I think my exact words in Friday’s blog post were something along the lines of how we were going to have a super low-key weekend and how giddy I was about it.
Ha! What a joke. Oy. Low key is the last word I would use to describe our weekend as our lives came to a halt bright and early Friday morning when we noticed that something was terribly wrong with Teddy, our beloved 10.5 year old rescue chihuahua-pug mix.
Thursday was a very relaxed day for us. The girls and I oddly stayed home all day except to eat dinner and swim with friends for a couple hours that evening. Teddy is my shadow and follows me wherever I go, and I never witnessed any kind of hard jump or injury on Thursday.
Later that night, when we crawled into bed, I said to Jamie that Teddy was shaking. We knew this meant he probably didn’t feel well and that something was up. I was concerned, but he was otherwise acting fine, walking normally, etc. He’d walked up the stairs and into our bed just like normal.
When I woke up at 4:20 to go to my 5 a.m. OTF class, I saw Teddy sitting up in bed shaking again. Now I was super concerned. I tried to get Teddy to go outside with me to the bathroom so that I could evaluate him, but instead he jumped off the bed and hid under it. I woke up Jamie to tell him, but he said that it wasn’t abnormal for Teddy to sleep under the bed after I leave for my class.
When I came back home around 6:15, I saw Jamie in the front yard with Teddy. He said that Teddy could barely walk. From there, everything went from 0 to 100 rapidly. His back was horribly hunched and his back legs were giving out under him. We picked him up, brought him inside, and I just knew something terrible had happened.
They always say that there’s never a good time for these things to happen, but the silver lining in all of this was that this actually wasn’t a horrible time for this to happen. I’d already made plans to spend the day with my mom (we hadn’t had a chill/run around together day in a few weeks), and Jamie only had to put in four hours of work that day. Plus, like I said, we had zero weekends plans (like, ZERO, which is very abnormal), so all of this was a huge blessing amidst sudden chaos.
Anyway, I texted Mom to rush over so that I could take Teddy to the vet at 7. Teddy is up to date on his shots, so we hadn’t found a vet here in Madison yet. I ran to the one that opened the earliest, which ended up being such a God thing in itself (more about why later). They were so incredibly kind and asked if I could leave him there since I didn’t have an appointment, but they mentioned that he would likely be seen almost immediately since he couldn’t walk. I agree no problem and went home to wait.

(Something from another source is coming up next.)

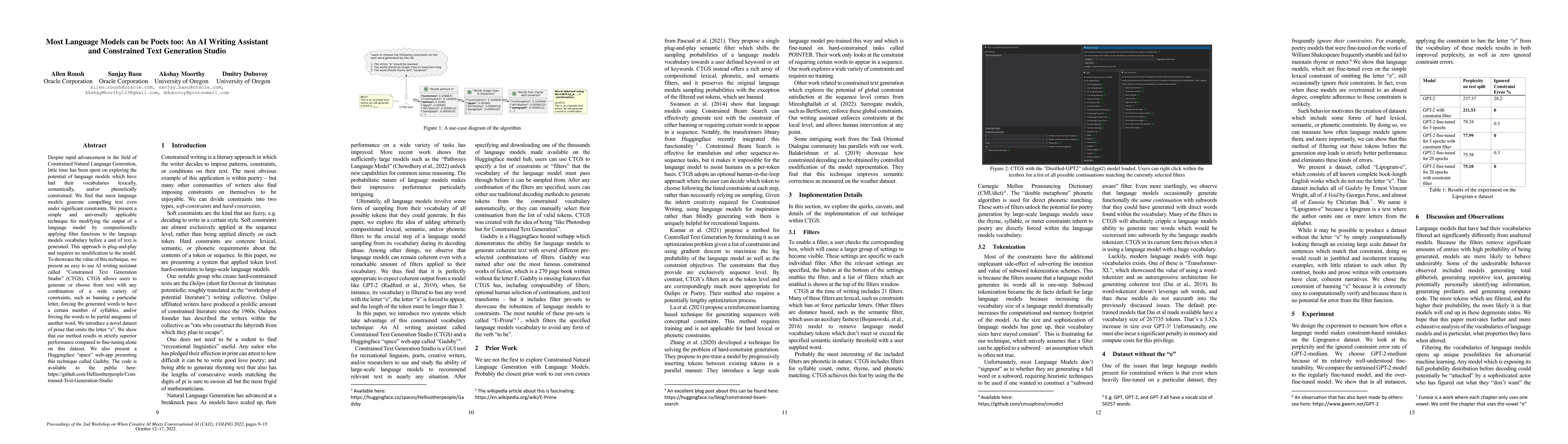 This paper explores the potential of language models under various lexical, semantic, and phonetic constraints, demonstrating that most models can generate compelling text even with significant restrictions. The authors introduce a technique for modifying model outputs by applying filter functions to the vocabulary, requiring no model changes, and present an AI writing assistant called Constrained Text Generation Studio (CTGS) to showcase this method.

The call from the vet was tough. She confirmed that Teddy had a spinal issue and was already beginning to lose feeling in his legs and feet. She suggested taking him to a surgeon in Huntsville who could evaluate, but she gave me a heads up that the surgery would be a small fortune.

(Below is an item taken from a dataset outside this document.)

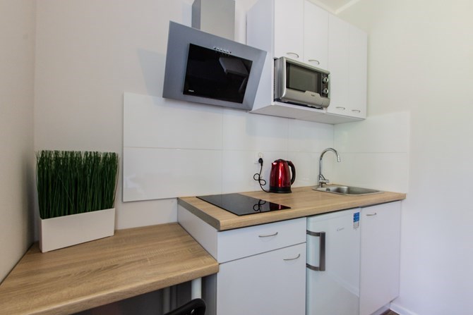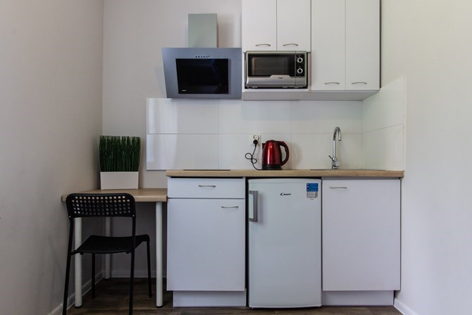 Aneks kuchenny: lodówka, zlew, okap, czajnik, ceramiczna płyta dwupalnikowa, piekarnik.

I held it together until we hung up, and then lost it, calling Jamie to please come home.
I felt faced with two options:
- A very expensive surgery that would leave our 10.5 year old dog in pain for months while he recovered (we guessed that back surgery would be way worse than hip surgery, which Teddy had 18 months ago that took a full six months before he was back to his normal self.)
- Choosing to end the excruciating pain he was in (the vet said he screamed bloody murder multiple times during his evaluation) and not make an elderly dog go through what we thought would be many months of crating and recovery.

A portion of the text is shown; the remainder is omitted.